### SUPPLIED INFORMATION:
========
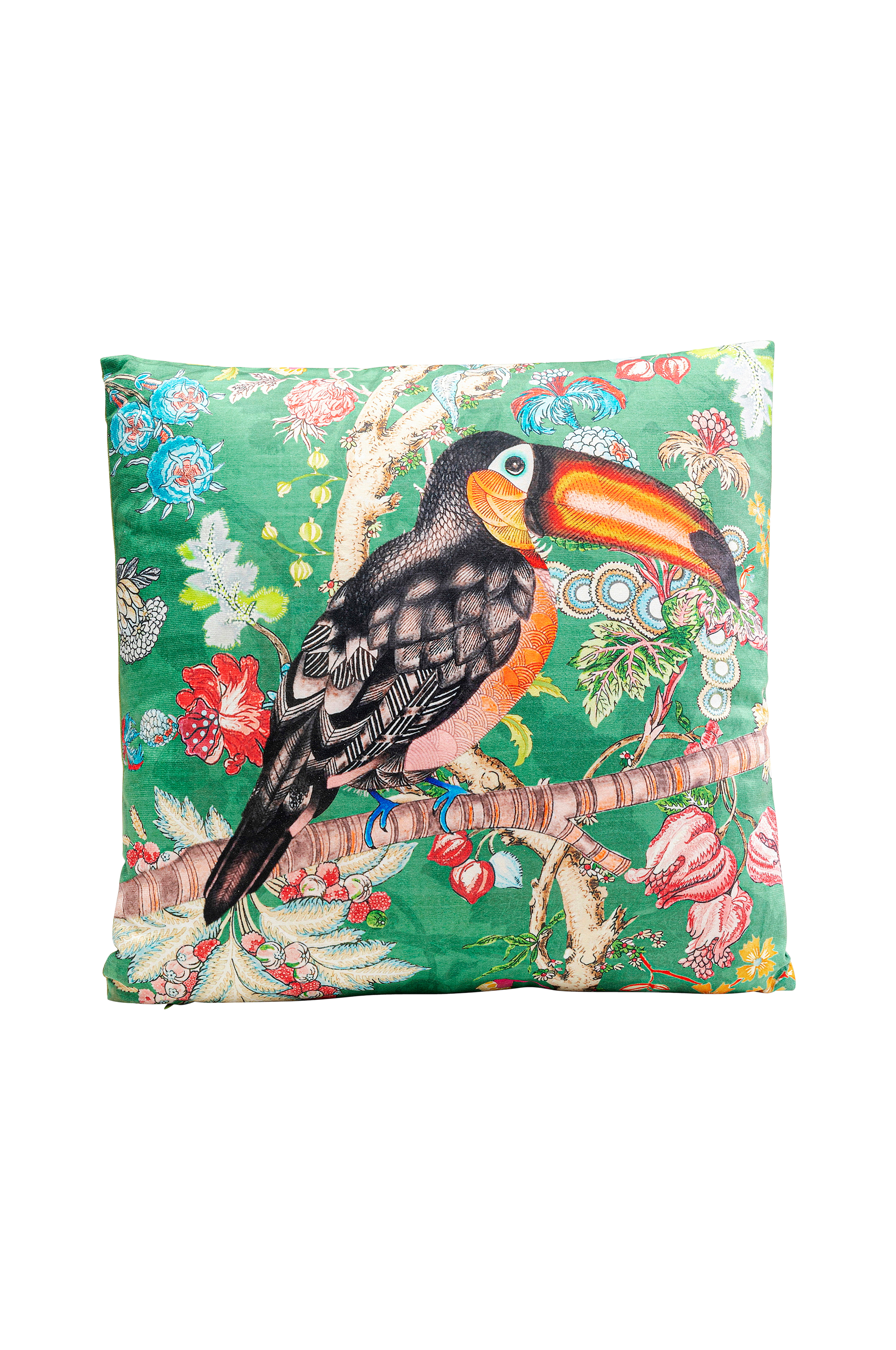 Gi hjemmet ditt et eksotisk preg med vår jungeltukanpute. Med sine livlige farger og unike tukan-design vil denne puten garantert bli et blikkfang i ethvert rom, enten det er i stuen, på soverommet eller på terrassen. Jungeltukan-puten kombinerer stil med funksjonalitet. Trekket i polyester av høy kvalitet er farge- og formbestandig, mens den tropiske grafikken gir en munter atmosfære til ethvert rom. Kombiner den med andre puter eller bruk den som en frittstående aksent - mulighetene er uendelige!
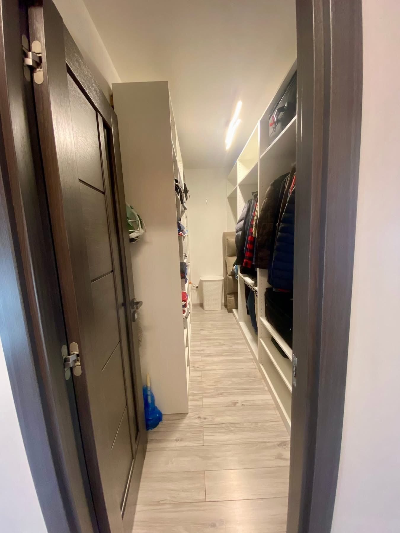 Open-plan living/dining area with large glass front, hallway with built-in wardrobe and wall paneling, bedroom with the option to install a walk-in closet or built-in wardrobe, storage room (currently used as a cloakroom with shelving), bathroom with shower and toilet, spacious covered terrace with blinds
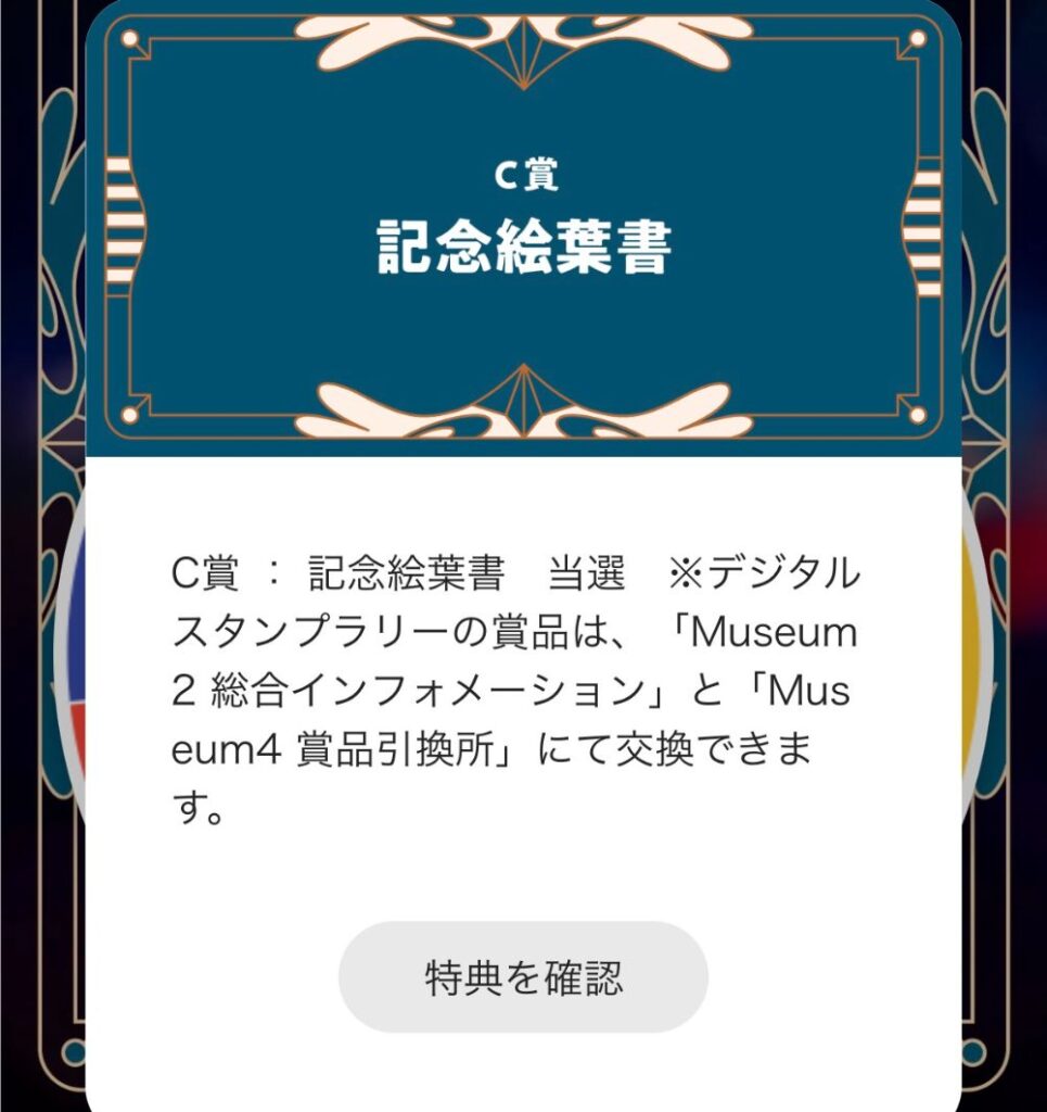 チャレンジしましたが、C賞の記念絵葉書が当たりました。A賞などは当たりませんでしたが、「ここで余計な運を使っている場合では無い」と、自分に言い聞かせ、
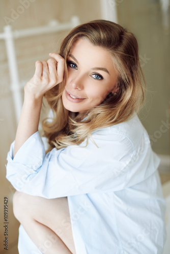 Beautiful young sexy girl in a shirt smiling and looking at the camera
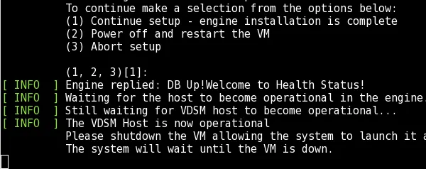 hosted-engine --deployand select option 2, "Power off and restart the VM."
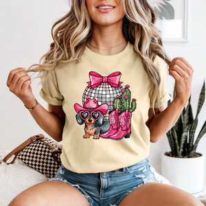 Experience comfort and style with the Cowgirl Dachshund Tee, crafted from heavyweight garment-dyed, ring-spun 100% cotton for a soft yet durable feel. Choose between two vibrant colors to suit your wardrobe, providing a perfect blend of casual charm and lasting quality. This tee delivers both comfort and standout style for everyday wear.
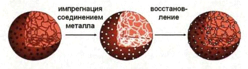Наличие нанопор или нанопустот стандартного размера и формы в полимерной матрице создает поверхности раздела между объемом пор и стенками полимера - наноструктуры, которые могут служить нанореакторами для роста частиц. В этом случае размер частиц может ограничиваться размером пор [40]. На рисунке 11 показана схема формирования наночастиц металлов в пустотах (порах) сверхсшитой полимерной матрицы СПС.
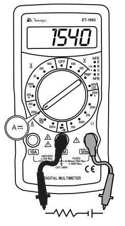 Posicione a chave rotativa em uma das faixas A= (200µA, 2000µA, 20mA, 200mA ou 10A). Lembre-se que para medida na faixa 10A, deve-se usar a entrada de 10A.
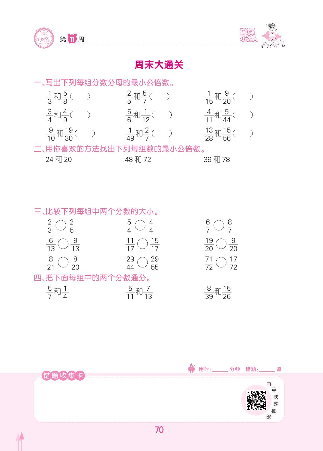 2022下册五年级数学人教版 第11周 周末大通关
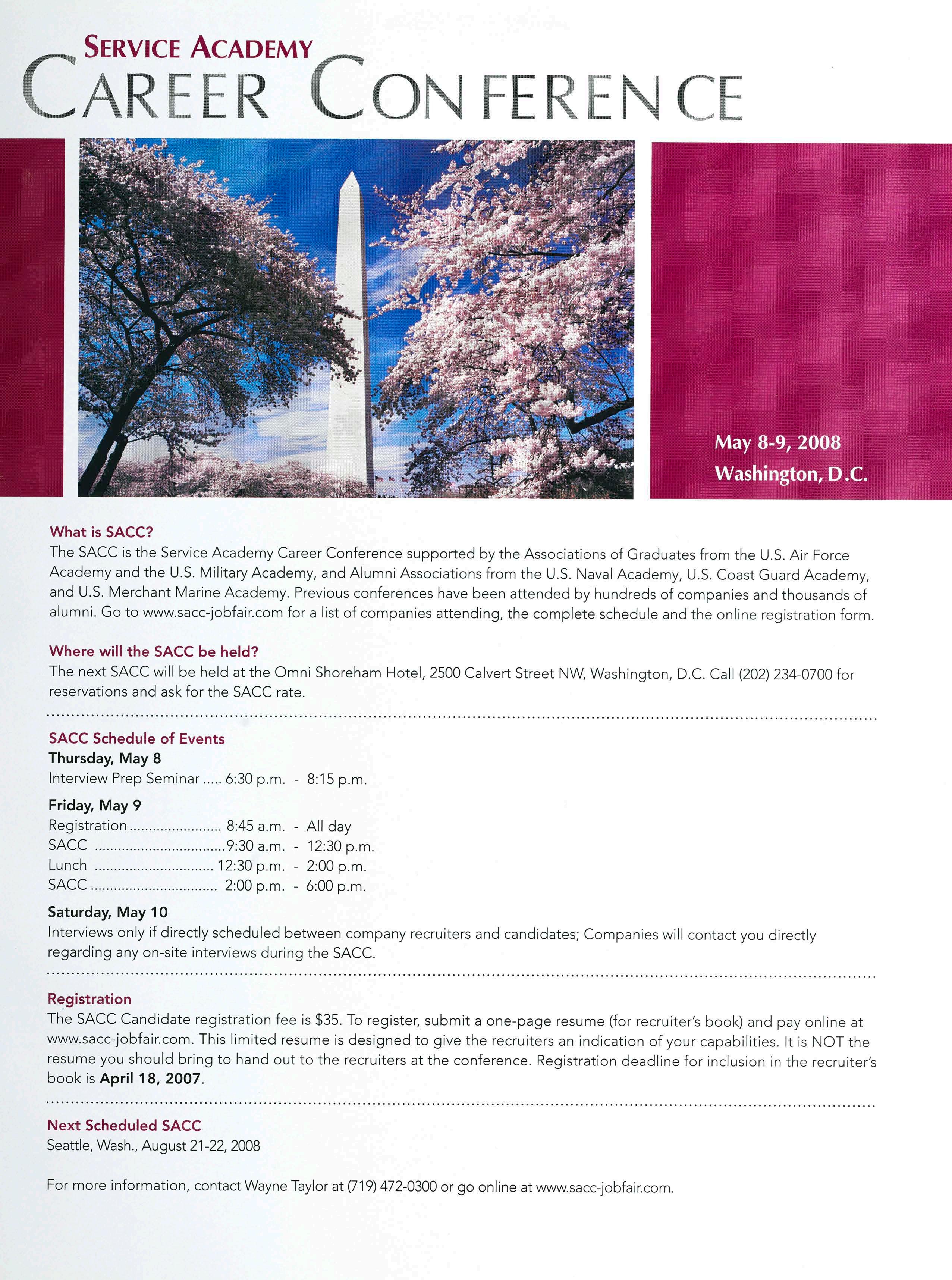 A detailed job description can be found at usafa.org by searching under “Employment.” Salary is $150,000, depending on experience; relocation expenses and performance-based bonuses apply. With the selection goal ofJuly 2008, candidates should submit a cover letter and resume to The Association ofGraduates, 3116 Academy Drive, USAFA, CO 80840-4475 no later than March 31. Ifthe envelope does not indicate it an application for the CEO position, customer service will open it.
========
Hand back the data above exactly, leaving out all pictures.

 Gi hjemmet ditt et eksotisk preg med vår jungeltukanpute. Med sine livlige farger og unike tukan-design vil denne puten garantert bli et blikkfang i ethvert rom, enten det er i stuen, på soverommet eller på terrassen. Jungeltukan-puten kombinerer stil med funksjonalitet. Trekket i polyester av høy kvalitet er farge- og formbestandig, mens den tropiske grafikken gir en munter atmosfære til ethvert rom. Kombiner den med andre puter eller bruk den som en frittstående aksent - mulighetene er uendelige!
 Open-plan living/dining area with large glass front, hallway with built-in wardrobe and wall paneling, bedroom with the option to install a walk-in closet or built-in wardrobe, storage room (currently used as a cloakroom with shelving), bathroom with shower and toilet, spacious covered terrace with blinds
 チャレンジしましたが、C賞の記念絵葉書が当たりました。A賞などは当たりませんでしたが、「ここで余計な運を使っている場合では無い」と、自分に言い聞かせ、
 Beautiful young sexy girl in a shirt smiling and looking at the camera
 hosted-engine --deployand select option 2, "Power off and restart the VM."
 Experience comfort and style with the Cowgirl Dachshund Tee, crafted from heavyweight garment-dyed, ring-spun 100% cotton for a soft yet durable feel. Choose between two vibrant colors to suit your wardrobe, providing a perfect blend of casual charm and lasting quality. This tee delivers both comfort and standout style for everyday wear.
Наличие нанопор или нанопустот стандартного размера и формы в полимерной матрице создает поверхности раздела между объемом пор и стенками полимера - наноструктуры, которые могут служить нанореакторами для роста частиц. В этом случае размер частиц может ограничиваться размером пор [40]. На рисунке 11 показана схема формирования наночастиц металлов в пустотах (порах) сверхсшитой полимерной матрицы СПС.
 Posicione a chave rotativa em uma das faixas A= (200µA, 2000µA, 20mA, 200mA ou 10A). Lembre-se que para medida na faixa 10A, deve-se usar a entrada de 10A.
 2022下册五年级数学人教版 第11周 周末大通关
 A detailed job description can be found at usafa.org by searching under “Employment.” Salary is $150,000, depending on experience; relocation expenses and performance-based bonuses apply. With the selection goal ofJuly 2008, candidates should submit a cover letter and resume to The Association ofGraduates, 3116 Academy Drive, USAFA, CO 80840-4475 no later than March 31. Ifthe envelope does not indicate it an application for the CEO position, customer service will open it.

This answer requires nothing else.